显色法芯片技术快速鉴定分枝杆菌菌种

 目的 利用显色法芯片技术建立快速鉴定分枝杆菌菌种的方法。 方法 根据美国国家生物技术信息中心（NCBI）提供的分枝杆菌 16S rDNA 基因的保守区和突变区（第 129 ~ 267 位核苷酸的 A 突变区、第 430 ~ 500 位核苷酸的 B 突变区）分别设计引物和寡核苷酸探针，用地高辛标记引物并制备玻璃芯片。采用双重 PCR 技术分别对 16 种分枝杆菌标准株、5 种非分枝杆菌标准株和 120 株分枝杆菌临床分离株（非结核分枝杆菌 40 株、结核分枝杆菌复合群 80 株）进行扩增，扩增产物分别与玻璃芯片进行杂交检测，尼龙膜显色，以显现蓝黑色斑点作为阳性信号，并根据其在芯片方阵中的位置判断分枝杆菌种类。

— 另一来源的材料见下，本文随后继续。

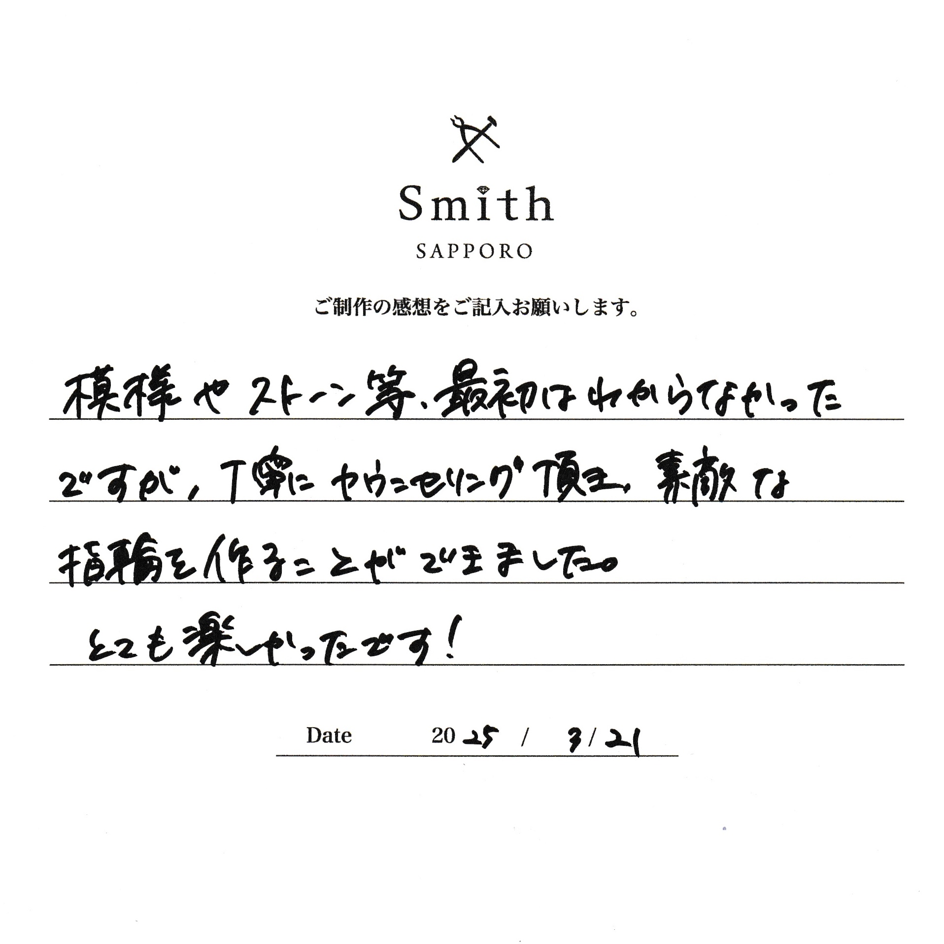 模様やストーンなど、最初は分からなかったですが、丁寧にカウンセリングいただき素敵な指輪を作ることができました。

根据芯片杂交结果，选取部分经显色法芯片技术检测的临床分离株进行 DNA 测序。 结果 16 种分枝杆菌标准株和 120 株分枝杆菌临床分离株经 PCR 扩增均各产生 2 条 DNA 片段，其中 1 条长度为 272 ~ 280 bp，1 条长度为 183 ~ 192 bp。16 种分枝杆菌标准株均与芯片上特异性探针杂交，应用显色法芯片技术分析 16 种分枝杆菌标准株和 5 种非分枝杆菌标准株的特异性为 100%。120 株分枝杆菌临床分离株均与分枝杆菌属探针 a 杂交，其中 79 株确定为结核分枝杆菌复合群，38 株确定为非结核分枝杆菌（不产色分枝杆菌 17 株，胞内分枝杆菌 8 株，猿猴分支杆菌 6 株，瘰疬分枝杆菌 5 株，偶然分支杆菌 2 株），另 3 株只与分枝杆菌属探针 a 杂交，没有鉴定到种。选取的 26 株分枝杆菌临床分离株（结核分枝杆菌复合群 8 株，不产色分枝杆菌 5 株，胞内分枝杆菌、猿猴分枝杆菌、未鉴定到种的分枝杆菌各 3 株，瘰疬分枝杆菌、偶然分枝杆菌各 2 株）DNA 测序显示，未鉴定到种的 3 株分枝杆菌中，1 株为结核分枝杆菌突变株，1 株为 Mycobacterium lentiflavum，1 株为 Mycobacterium arupense，芯片上无后 2 种菌株的特异性探针；其余 23 株菌株测序结果与芯片检测结果一致。 结论 显色法芯片技术能简便、快速、灵敏、特异地将大多数分枝杆菌鉴定到种，具有一定的临床推广应用价值。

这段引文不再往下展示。